In the 2009–10 season Navarria was part of the Italian team that earned a silver medal after being defeated in the final by Poland. The year after, at the World Championships on home ground, in Catania, Navarria was stopped in the table of 16 by Poland's Magdalena Piekarska and finished 12th. In the team event, Italy lost in the semifinal to China, which had just placed two fencers on the individual podium. They defeated Germany 45–33 to win the bronze medal.

Navarria began the 2011–12 season by her first victory in the senior World Cup with a gold medal in Doha, followed by a silver medal in Budapest. She qualified to the 2012 Summer Olympics as a member of the Italian team. In the individual event, she was defeated in the table of 32 by Maya Lawrence of the United States. In the team event, Italy lost to the United States in the first round and ended up 7th after the ranking matches. Navarria finished the season 12th in world rankings, a career best as of 2014.

Navarria took a break in her career in the 2012–13 season to give birth to a son, Samuele. She came back to competition at the 2013 Mediterranean Games in Mersin, where she finished 7th. At the World Championships in Budapest, she was stopped in the quarter-finals by Russia's Anna Sivkova, who eventually earned a silver medal. In the team event Italy lost to Russia 27 to 28 in the quarter-finals and finished 5th.

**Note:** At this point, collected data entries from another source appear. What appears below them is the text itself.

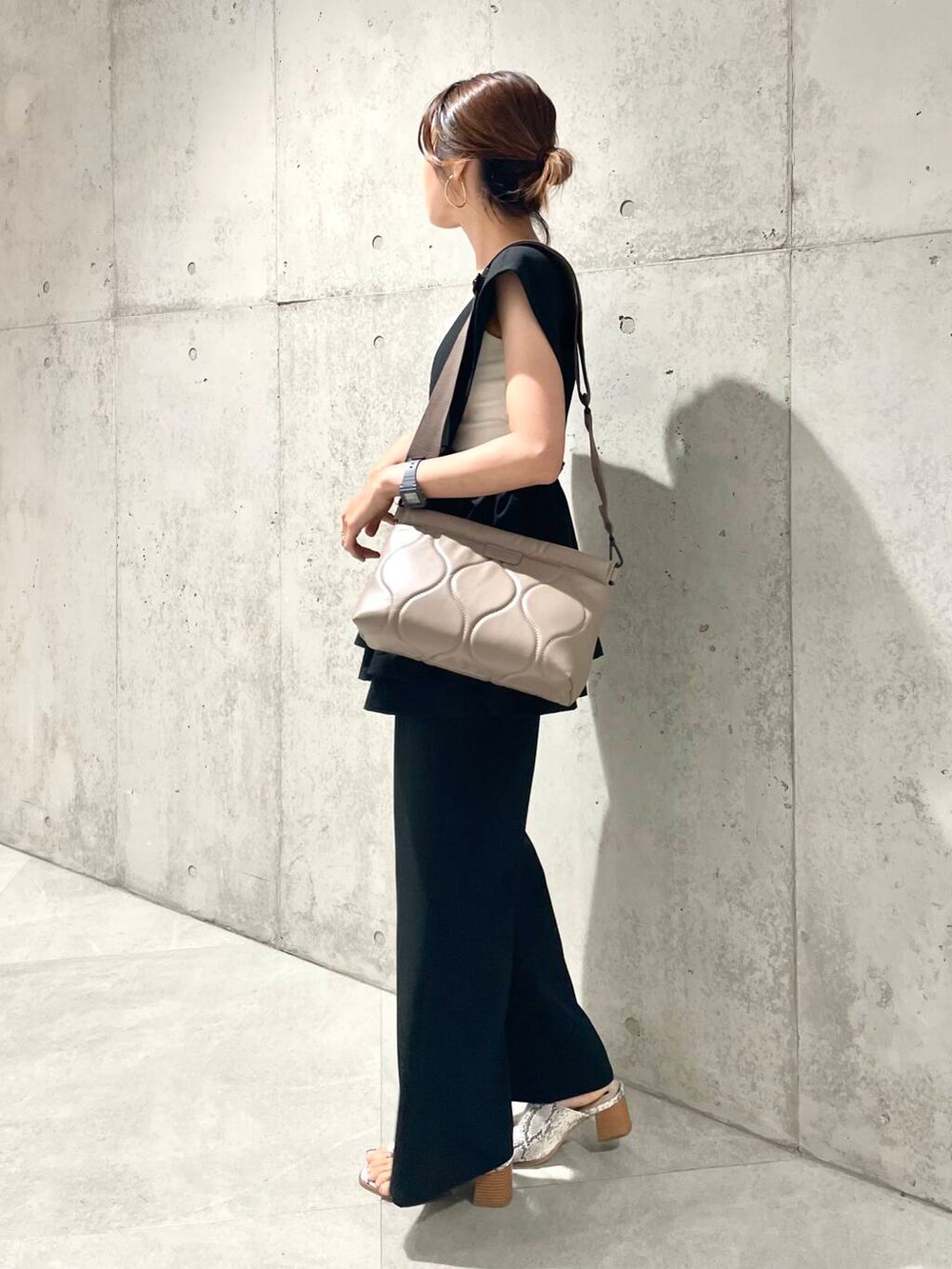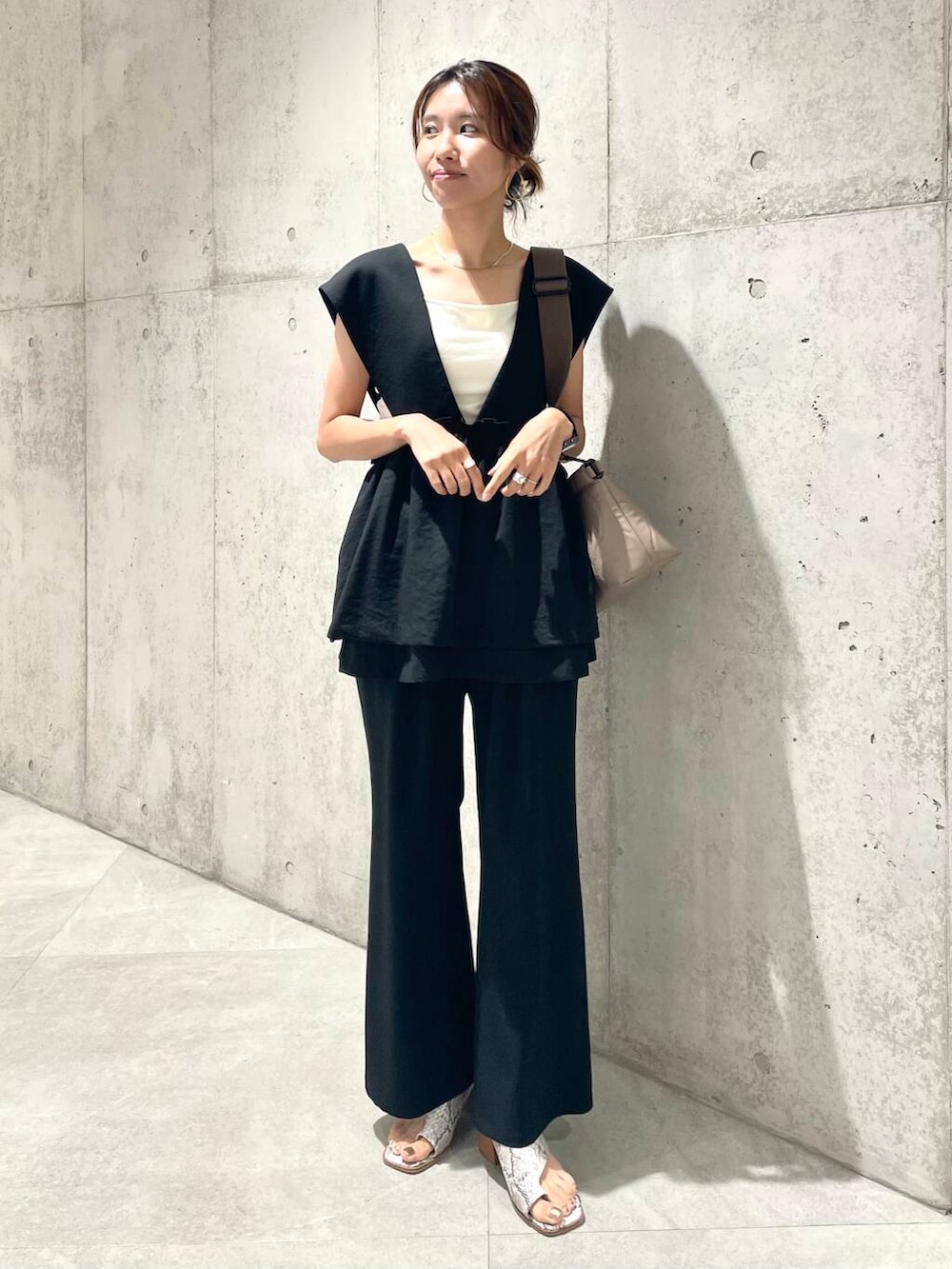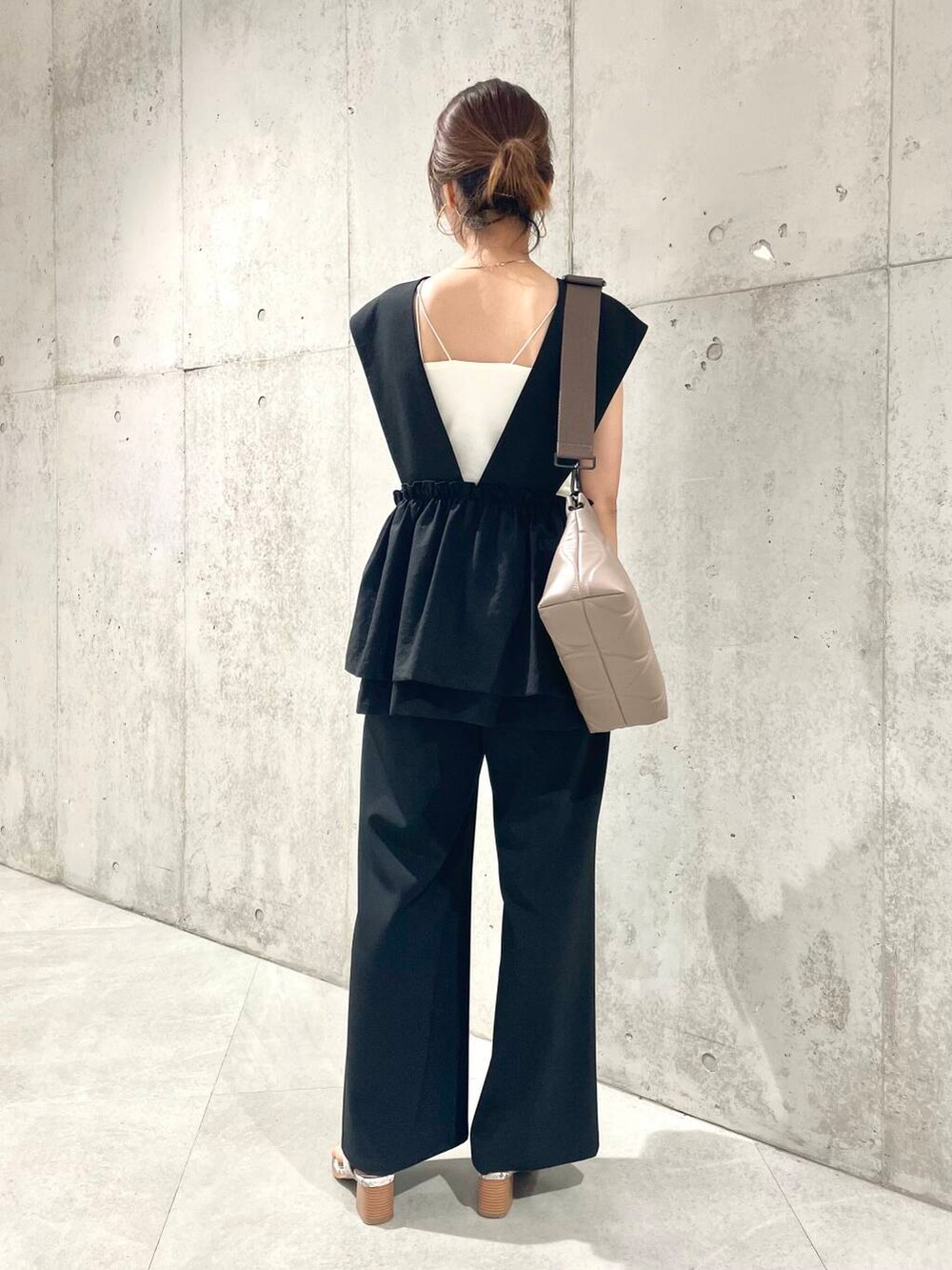 裾の2段フリルが可愛いベストに、セール推しアイテムのストレッチタックワイドパンツを合わせたオールブラックコーデ。
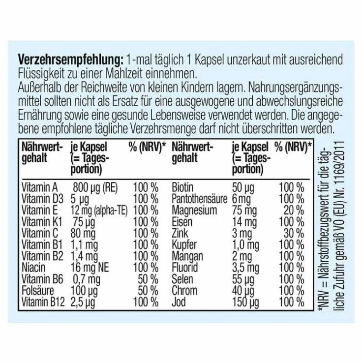 * Kupfer, Eisen, Selen, Vitamin A, B12, B6, C, D und Zink tragen zu einer normalen Funktion Ihres Immunsystems bei. Eisen, Magnesium, Niacin, B2, B12, B6 und Vitamin C tragen dazu bei, Müdigkeit und Ermüdung zu reduzieren. Vitamin B3, B6, B12 sowie Magnesium tragen zu einer normalen psychische Funktion bei. Biotin, Kupfer, Magnesium, Niacin, Vitamin B2, B6 und B12 tragen zu einer normalen Funktion des Nervensystems und zu einem normalen Energiestoffwechsel bei. Biotin, Zink, Jod, Niacin, Vitamin B2 und A tragen bei zur Erhaltung normaler Haut. Biotin, Selen, Zink tragen bei zur Erhaltung normaler Haare. Kupfer, Selen, Zink, Vitamin B2 und Vitamin C tragen dazu bei, die Zellen vor oxidativem Stress zu schützen. Kupfer trägt bei zu einer normalen Haarpigmentierung, zur Erhaltung von normalem Bindegewebe und zu einer normalen Hautpigmentierung. Selen und Zink tragen zur Erhaltung normaler Nägel bei. Kalzium, Magnesium und Vitamin D tragen zur Erhaltung normaler Muskelfunktionen, normaler Knochen und Zähne bei. Vitamin C trägt zu einer normalen Kollagenbildung für eine normale Funktion der Knochen, der Knorpelfunktion, der Zähne, des Zahnfleisches und der Haut bei. Zink trägt bei zur normalen Funktion der Knochen. Zink und Vitamin A zur Erhaltung normaler Sehkraft bei. Vitamin A trägt zur Erhaltung normaler Schleimhäute bei. Zink trägt zu einer normalen Fruchtbarkeit und einer normalen Reproduktion bei. Folsäure trägt zum Wachstum des mütterlichen Gewebes während der Schwangerschaft bei. Zink trägt zur Erhaltung eines normalen Testosteronspiegels im Blut bei. Chrom und Zink tragen zu einem normalen Stoffwechsel von Makronährstoffen bei. Eisen und Jod tragen zu einem normalen Energiestoffwechsel bei. Zink trägt zu einem normalen Kohlenhydrat-Stoffwechsel bei.
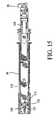 - The staple former 98 is an elongated, channel-shaped member provided withupstanding side flanges 65 extending along its opposite sides. Thestaple holder 96 is an elongated plate-like member that is slidably supported on the staple former 98 and located between theside flanges 65. Thecompression coil spring 106 normally biases thestaple holder 96 distally relative to the staple former 98 with the dependingprong 104 biased againstprong 102 at the distal end of the elongatedcentral slot 100. Thestaple holder 96 and the staple former 98 are inserted into thestaple cartridge 68 between the lowerupstanding flanges 136. The staple former 98 is slidably supported on theledges 138 formed on the inside of theflanges 136. Anejector arm 166 extending from the distal end of thestaple holder 96 has anotch 168 for receiving thecrimp loop 22 of thestaple 12. Apusher finger 170 projects forwardly into thenotch 168 at the distal end of thestaple holder 96 for engaging thecrimp loop 22 of the staple 12 as thestaple holder 96 is advanced to move the staple 12 into engagement with theanvil 94. The distal end of theejector arm 166 is slanted away from and above the level of thepusher finger 170 and serves to disengage the staple 12 from theanvil 94 as thestaple holder 96 is retracted after the staple 12 is formed. A pair offingers 172 at the tip of theejector arm 166 is spaced apart to receive the depending tab 174 of thestaple cartridge housing 32 therebetween.
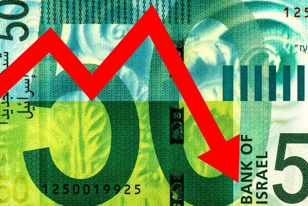 تراجع سعر صرف الشيكل الإسرائيلي أمام الدولار واليورو في بداية تعاملات الأسبوع بعد قرار وكالة موديز للتصنيف الائتماني خفض تصنيف إسرائيل.
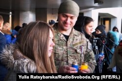 На урочисту зустріч вогню під будівлею міської ради зібралось близько сотні людей, зокрема ветерани антитерористичної операції проти спільних російсько-сепаратистських сил на окупованій частині Донбасу.
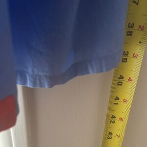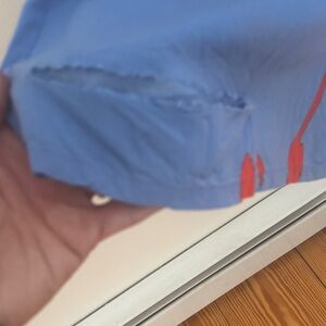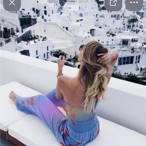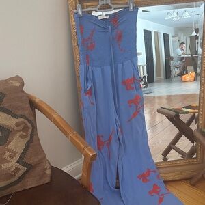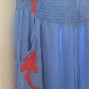 Beautiful light blue jumpsuit with pockets featuring striking orange patterns. Ideal for stylish outings or as a beach coverup. I did rip the bottom right leg 💔 maybe you are good at sewing (I’m not) or they can be hemmed as they are very long last picture is me wearing it I am 5’7” and on my tippy toes small stain on front just above pocket probably just needs to be spot treated price will reflect.make me an offer
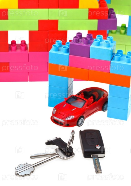 Ключи, модель автомобиля, пластиковый дом из кубиков
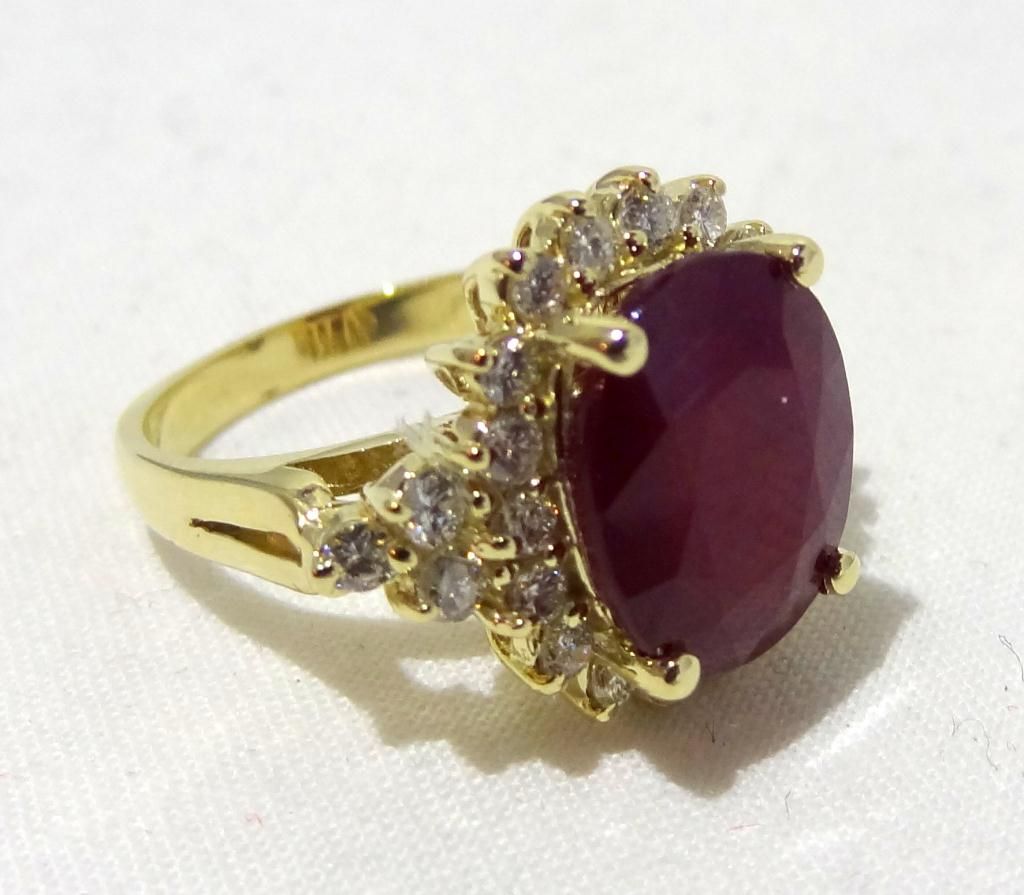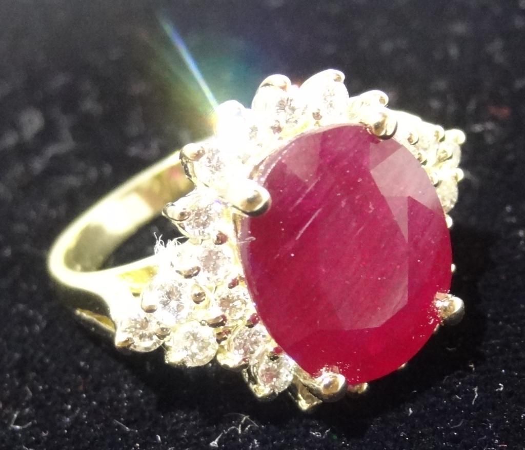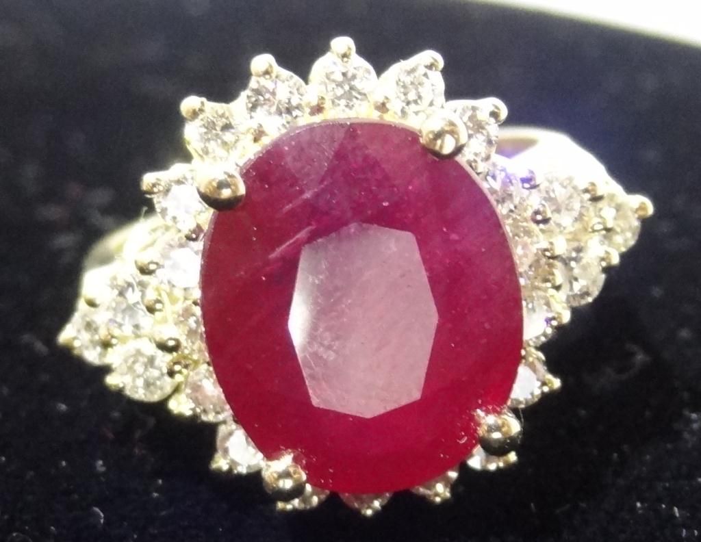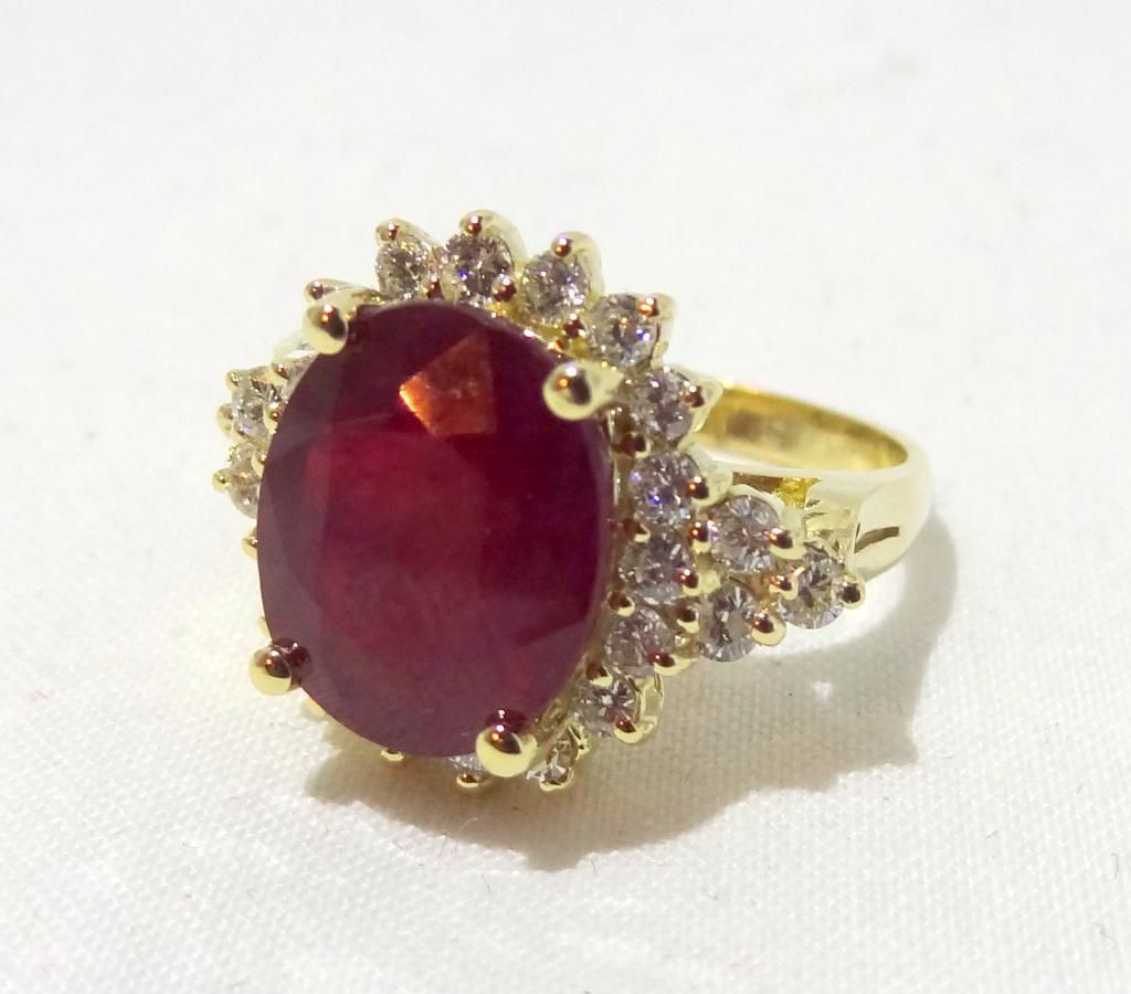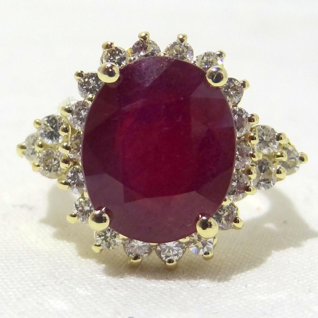 One Prong set oval mixed cut natural Runy, measuring 12.00 x 10.20 x 5.50mm, 20% bulge factor, approximate weight of 6.62ct.,clarity is moderately included, type II, dark, very slightly brownish, slightly purplish red color, (GIA s1pR 7/3), cut is good. Transmitting light somewhat diffusely, transparent to translucent, Naturally occurring internal and external characteristics are present. Indications of Laboratory high temperature heat treatment, with glass and flux additive. Colored Stone Grading Report attached. Graded in the setting. Ruby has low tolerance to rhodium plating, re polishing the surface, and ultrasonic cleaning

The following season, Navarria reached the quarter-finals in the Havana and Rio de Janeiro World Cup tournaments. In the 2014 European Championships, she lost to France's Lauren Rembi in the second round. In the team event, Italy were defeated by Romania in the semi-finals. They then prevailed over Estonia to earn a bronze medal. In the World Championships in Kazan, Navarria was knocked off in the second round by Estonia's Erika Kirpu, who would eventually take the silver medal. In the team event, Italy took revenge on Romania in the quarter-finals, but lost to Estonia in the semifinal. They overcame Hungary in the small final to earn a bronze medal.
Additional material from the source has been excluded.